**Task input**:
::::::::
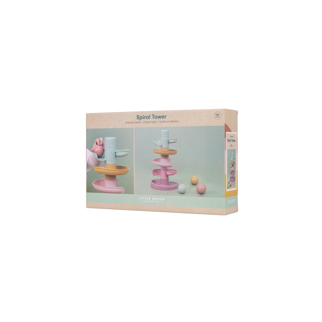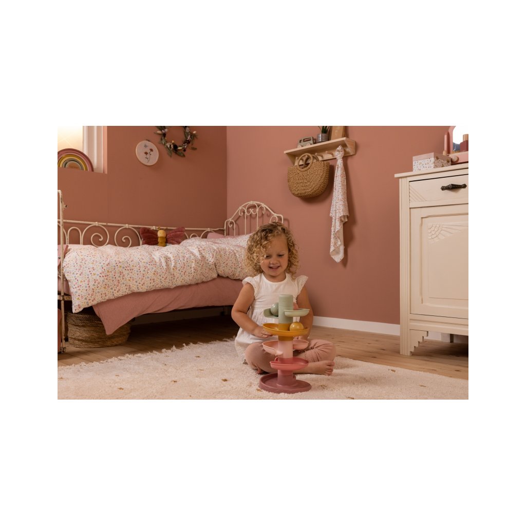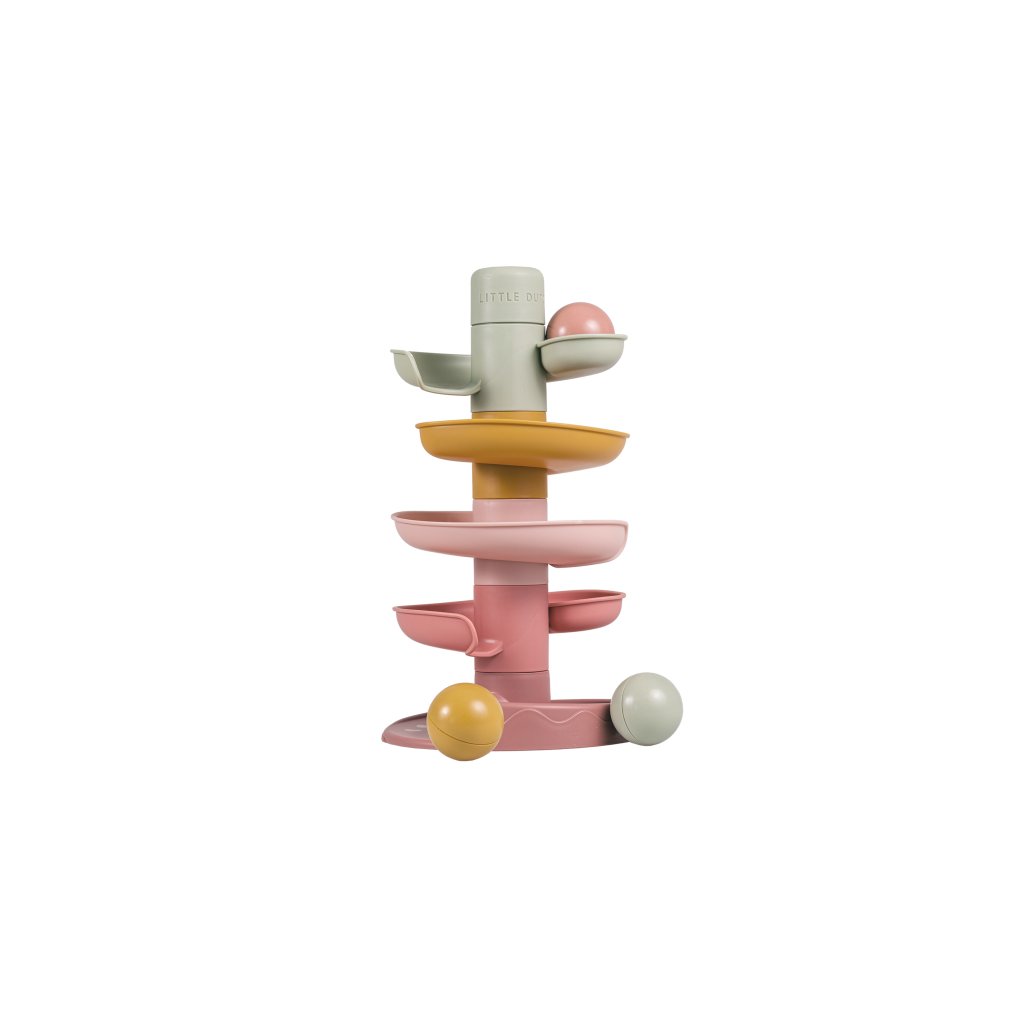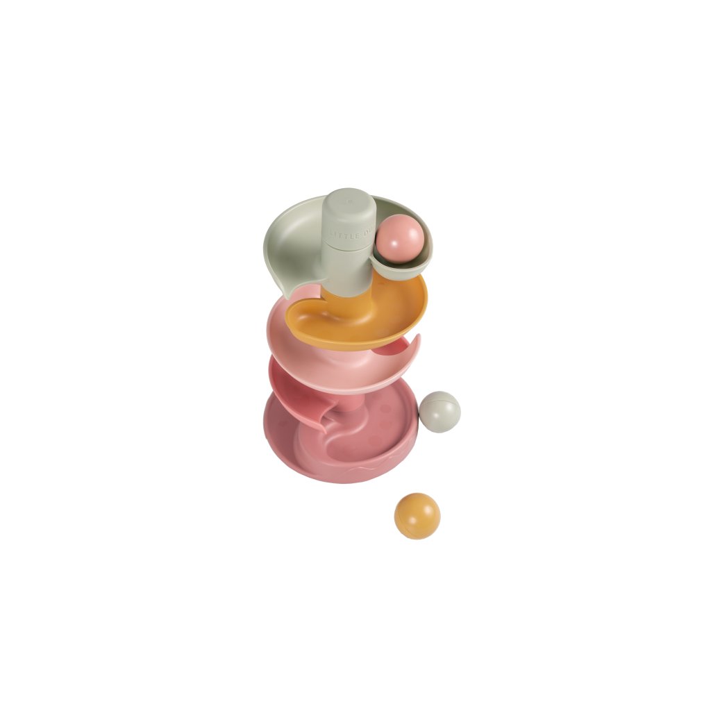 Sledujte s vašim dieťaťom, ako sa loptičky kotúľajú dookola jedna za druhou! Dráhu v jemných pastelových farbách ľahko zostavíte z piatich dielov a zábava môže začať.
::::::::
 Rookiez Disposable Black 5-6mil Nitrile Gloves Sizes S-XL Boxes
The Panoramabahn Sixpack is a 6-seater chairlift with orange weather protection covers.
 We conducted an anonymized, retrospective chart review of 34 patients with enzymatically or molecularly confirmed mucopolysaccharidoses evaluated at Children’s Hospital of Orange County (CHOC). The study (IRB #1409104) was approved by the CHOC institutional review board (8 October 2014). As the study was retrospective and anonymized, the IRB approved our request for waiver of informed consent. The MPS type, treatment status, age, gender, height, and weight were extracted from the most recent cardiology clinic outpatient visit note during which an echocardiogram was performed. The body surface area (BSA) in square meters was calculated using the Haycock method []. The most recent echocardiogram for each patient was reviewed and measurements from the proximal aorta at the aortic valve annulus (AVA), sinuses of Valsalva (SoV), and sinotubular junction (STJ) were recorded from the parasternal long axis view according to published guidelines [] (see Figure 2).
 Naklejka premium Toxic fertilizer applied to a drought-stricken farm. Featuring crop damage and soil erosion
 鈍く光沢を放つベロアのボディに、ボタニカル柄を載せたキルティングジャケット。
::::::::
Reproduce exactly, and only, the part of the listing above that begins at the line with "Naklejka premium Toxic" and goes on through the line with "鈍く光沢を放つベロアのボディに、ボタニカル柄を載せたキルティングジャケット。".

 Naklejka premium Toxic fertilizer applied to a drought-stricken farm. Featuring crop damage and soil erosion
 鈍く光沢を放つベロアのボディに、ボタニカル柄を載せたキルティングジャケット。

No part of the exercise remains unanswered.